Statistical analysis

Sensitivity, specificity, positive predictive value, negative predictive value, and accuracy were determined for clinical examination, CT and PET-CT in assessing treatment response using pathological response as the gold standard. The Mann Whitney U test was used to compare SUVs on PET-CT, size of tumor on clinical examination and CT between pCR and non-pCR group and between pR and non-pR. For all tests, an alpha error up to 5% (P< 0.05) was considered significant. Receiver operating curve (ROC) analyses was used to determine the optimal cut-off values of change in SUV that better discriminate pCR from non-pCR, and pR from non-pR patients.

Results

During the study period a total of 30 patients were eligible, of which 26 patients completed NACT and underwent surgery.

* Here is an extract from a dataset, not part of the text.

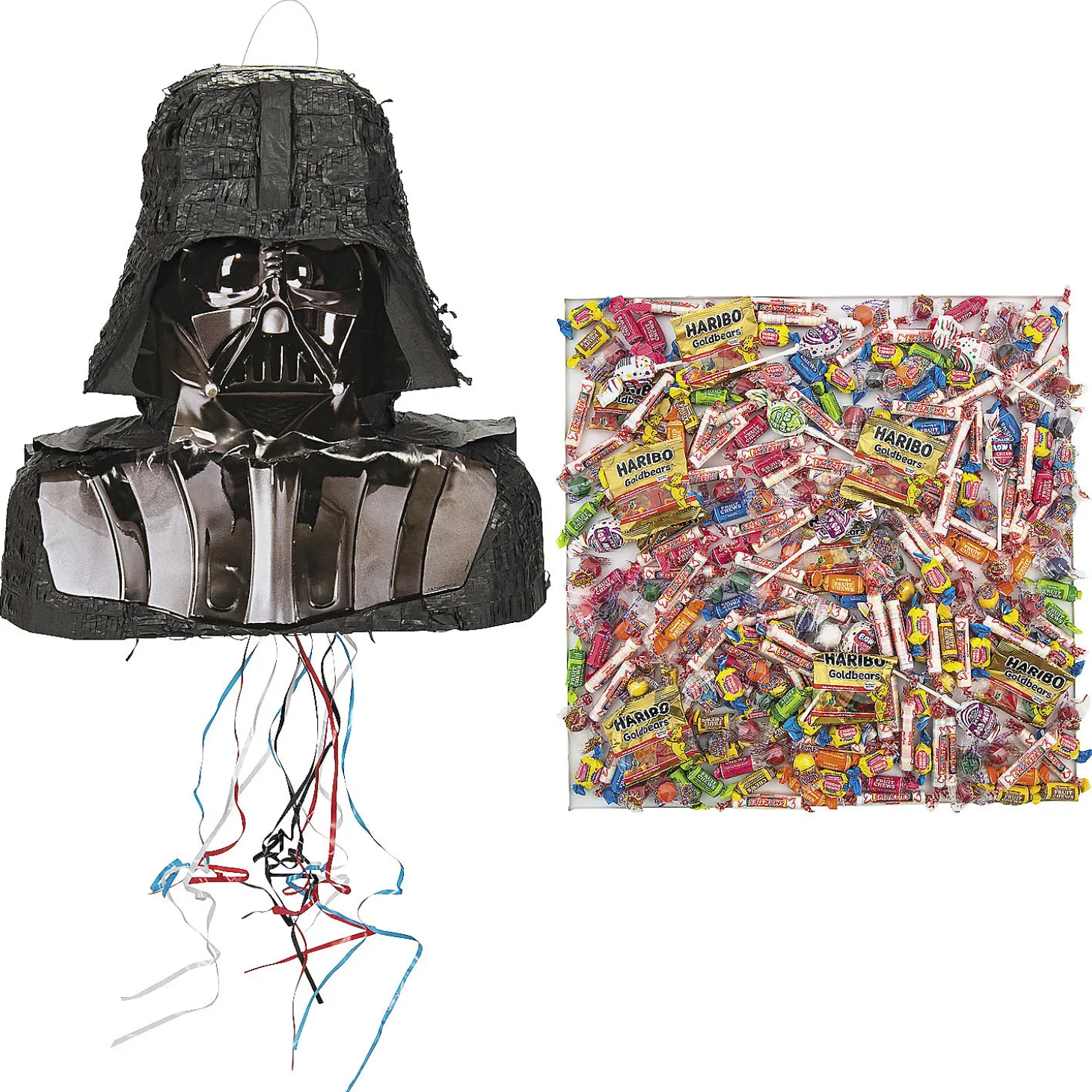 Kids Can Ban Together To Defeat The Dark Lord Of The Sith Once And For All With This Awesome Darth Vader Pinata Kit! Featuring The Main Baddie Himself And A Ton Of Sweet Treats To Stuff Him With, This Convenient Kit Requires Minimal Setup To Create A Memorable Activity At The Next Birthday Party Or Star Wars Movie Night Event. Everyone Can Take Turns Pulling The Strings To Find Which One Will Unleash The Cascade Of Candy! (207 Pcs. Per Unit) © & ™ Lucasfilm Ltd.Includes:• 1 Papier-Mache 3D Darth Vader Pull-String Pinata (Includes 4″ Hanger. 17″ X 18″)• 206-Pc. Kid’s Combo Assorted Candy (Includes Atomic Fireball®, Rainblo Pops®, Sweettarts®, Double Bubble® Bubble Gum, Smarties®, Now And Later® And More. Individually Wrapped. Dairy-Free. Fat-Free. Gluten-Free. Nut-Free. Total Wt., 3 Lbs. 8 Oz.) • Candy Is Non-Returnable. For More Information, Visit Our “Return Policy” Page Located On Our Website.• Made In The Usa. Important Country Of Origin Information: For Certain Items Sold By Otc On Our Web Or Mobile Sites, Country Of Origin Information Can Change And What Is Displayed May Not Be Accurate Or Consistent With Manufacturer Information. For Up-To-Date Country Of Origin Information, It Is Recommended That You Rely On Product Packaging Or Other Manufacturer Information.• Ingredient, Nutrition, Allergen And Other Product Information Are Provided On Our Web And Mobile Sites For Reference Purpose Only, Without Warranty Or Representation As To Accuracy. Manufacturers Adjust Their Labeling Regularly And Are Solely Responsible For The Accuracy Of The Information. For General Questions Concerning These Items, Please Contact Our Customer Service At 800-228-0475.• Assortments Are Subject To Change At Any Time And May Vary From Picture Shown. Substituted Items Will Be Similar In Nature.

Mean age was 49 years, majority were postmenopausal (16 of 30) and 15 women had hormone receptor positive and 9 had triple negative tumors. The timing of reassessment PET-CT was after 2 cycles in 11, after 3 cycles in 9 and after 4 cycles in 6 patients. On histopathological examination 14 (54%) patients had pathological response and 12 (46%) had no response. Pathological complete response (pCR) was seen in 4 (15%) patients, RCB class I in none, II in 10 (39%) and III was present in 12 (46%) patients.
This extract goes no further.